Something has to give when it comes to the FAA's decision to furlough all of the nation's air traffic controllers, at the risk of causing thousands more daily flight delays because there will not be enough controllers on duty to handle the normal amount of peak-hour traffic.

What gives could be the Republicans in Congress, who do not want to strike a deal with President Obama and the Democrats for a broad tax-and-spending deal that would replace all of the mandatory, sequester-driven cuts in the fiscal 2013 federal budget.

Or it could be Obama and the Democrats, many of whom do not want to agree to a piecemeal solution to stop or reduce the furloughs while leaving the rest of the sequester intact. Some already have begun signing on to bipartisan proposals to do just that.

It could be the FAA, which insists the Budget Control Act that mandates indiscriminate, across-the-board federal budget spending cuts in the form of the sequester does not give it the flexibility to avoid furloughs.
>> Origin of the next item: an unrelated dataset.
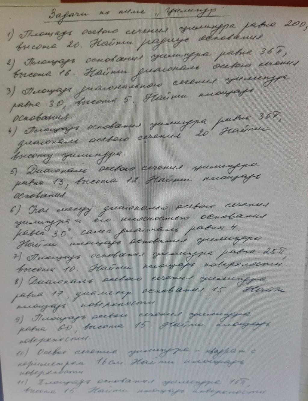 1) Площадь осью сечения цилиндра равна 200, высир 20. Найти радиус основания.

Airlines for America (A4A), the Regional Airline Association and Air Line Pilots Association filed a lawsuit arguing that the FAA does have that flexibility and must be ordered to reverse its action.

Or it could be the airlines, which are siding with Republicans by blaming the FAA: Along with the lawsuit, A4A is campaigning against “FAA-imposed delays.” But the industry also is asking the FAA to broker airline agreements to mutually cut their capacity at large airports that are expected to suffer the most delays due to reduced staffing.

The airlines have the most to lose in the standoff, which threatens to wreak havoc with the busy summer travel season and may dramatically increase the number of flight delays before then.

On April 21, the FAA began implementing the furloughs, requiring operations personnel—including about 13,000 controllers—to take off one of every 10 workdays through the Sept. 30 end of the fiscal year.